What Is BigQuery Time-Partitioning and Why Does It Matter?

Instead of going directly to the cost that is hidden, let's start with the fundamentals. A partitioned table in BigQuery that has been sliced into smaller tables: partitions. When you run a query with a restriction on the partition column, BigQuery does not have to scan all the partitions, only the relevant ones. This process is called partition pruning.

Think of partition pruning as analogous to opening a single drawer in a cabinet to locate a particular file and avoiding a more complicated approach of emptying the cabinet and rummaging through all the contents. By lessening the amount of data examined, the costs and performance of the query improve profitability dramatically.

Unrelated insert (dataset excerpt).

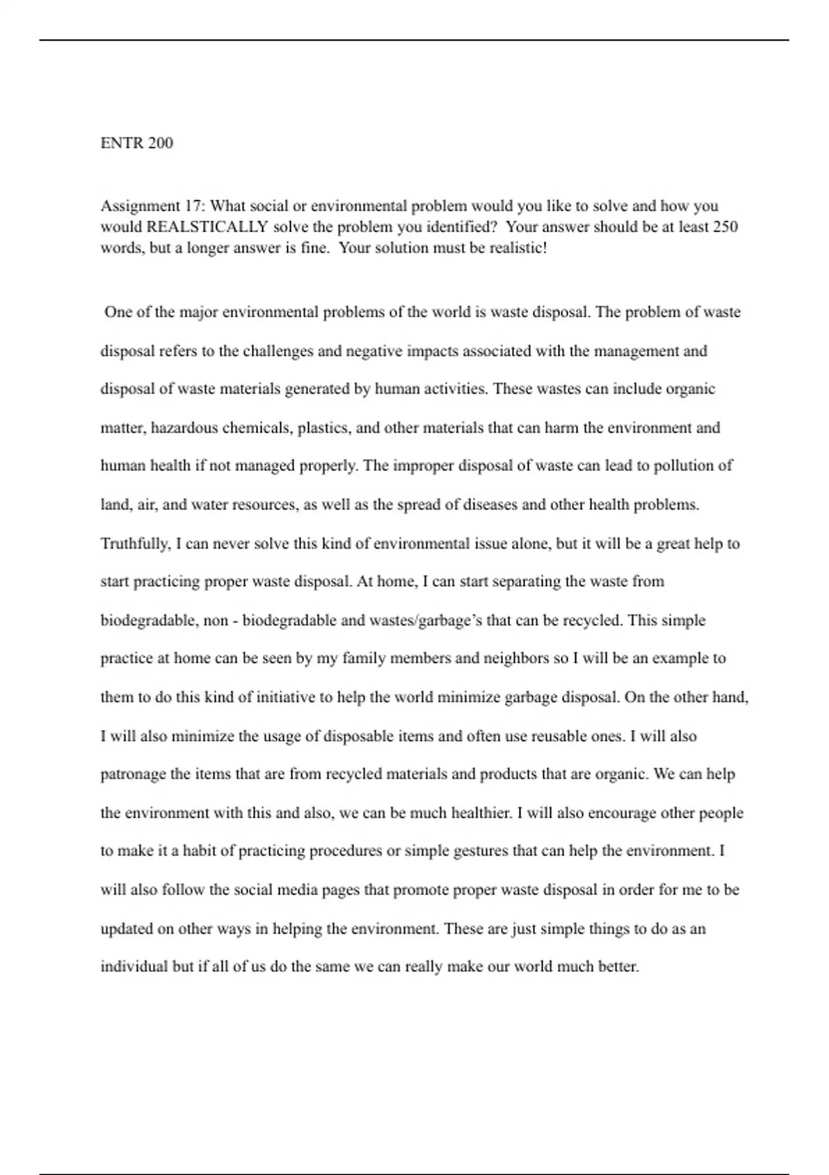 What social or environmental problem would you like to solve and how you would REALSTICALLY solve the problem you identified?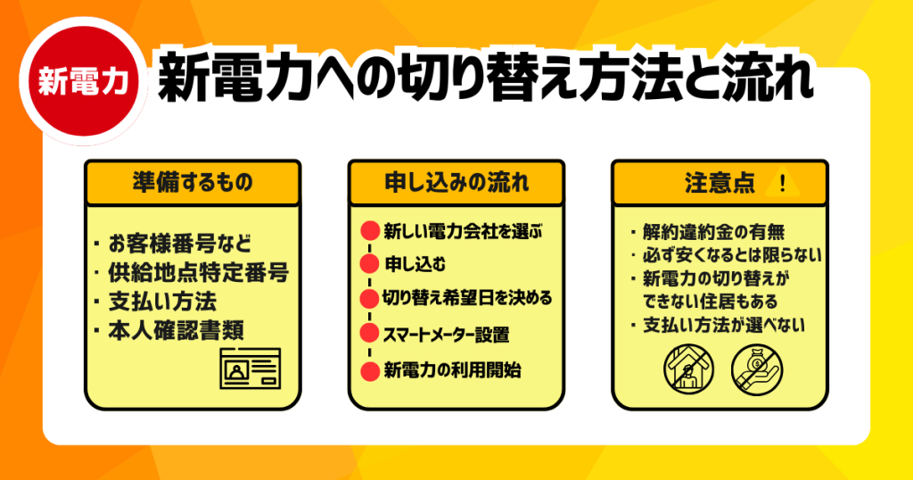 現在の電力会社から、新電力会社へ切り替える際の流れについて、次の3つの項目に分けて紹介します。

A time partitioned table can be created through a column defined as a DATE, DATETIME, or TIMESTAMP. An example of a table created, which is partitioned using a DATE column, is shown below:

metadata := &bigquery.TableMetadata{
   TimePartitioning: &bigquery.TimePartitioning{
       Field:      "date", // Partition by the 'date' column
       Expiration: 90 * 24 * time.Hour, // Partitions expire after 90 days
   },
   Schema: sampleSchema,
}

This is one of the most crucial aspects of setting up the data in BigQuery for easy retrieval while minimizing costs.

The Hidden Cost Trap: When Partition Pruning Fails

This is where things get complicated. The assumption here is that any query with the filters of date will invoke partition pruning, but that is not always the case. The function that is used in the WHERE clause is of great significance.

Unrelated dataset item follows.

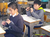 2年生が音楽で、鍵盤ハーモニカ演奏の練習に取り組んでいました。曲は「こぐまの2月」です。テンポ・リズムを合わせて、演奏できるよう頑張っています。

Let’s look at two queries that appear to be similar. For a partitioned table of events, let us assume that there is a partitioned DATETIME column called event_time.

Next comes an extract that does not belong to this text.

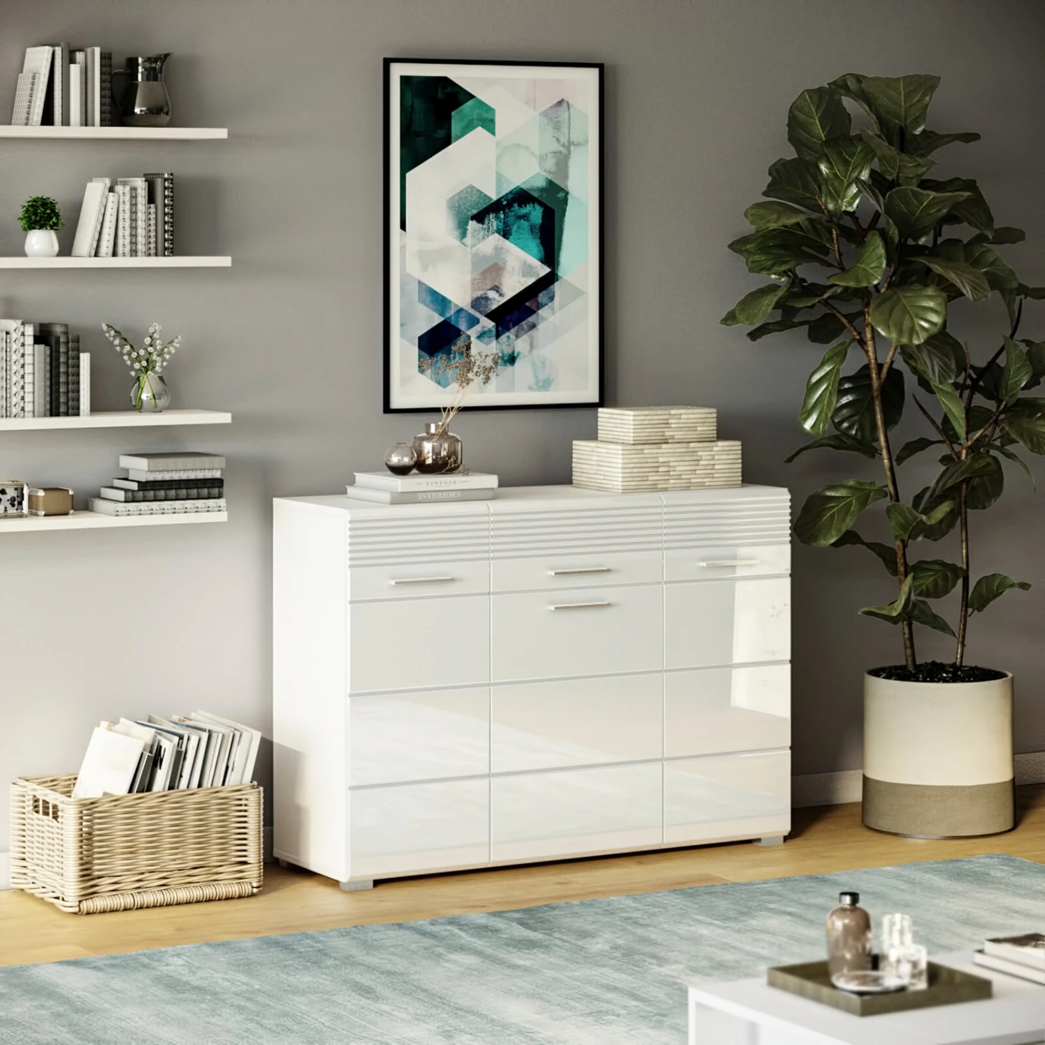 Kommode LINUS – weiß Hochglanz-weiß – Schubkasten – 115 cm

Query 1: The Expensive Way
This query uses CAST () to change the column of the partition in DATETIME to a DATE.

SELECT
   *
FROM
   `project.dataset.events`
WHERE
   CAST(event_time AS DATE) = '2025-11-12';

Bytes processed: 1.01 GB (Full table scan)

Query 2: The Optimized Way
This query uses the DATE() function instead.

SELECT
   *
FROM
   `project.dataset.events`
WHERE
   DATE(event_time) = '2025-11-12';

Bytes processed: 85 MB (Partition pruned)

The first query, which uses CAST(), gets to scan the whole table. The second query, which uses DATE(), only scans the partition for 2025-11-12. The disparity in data processing directly affects the cost of your query more.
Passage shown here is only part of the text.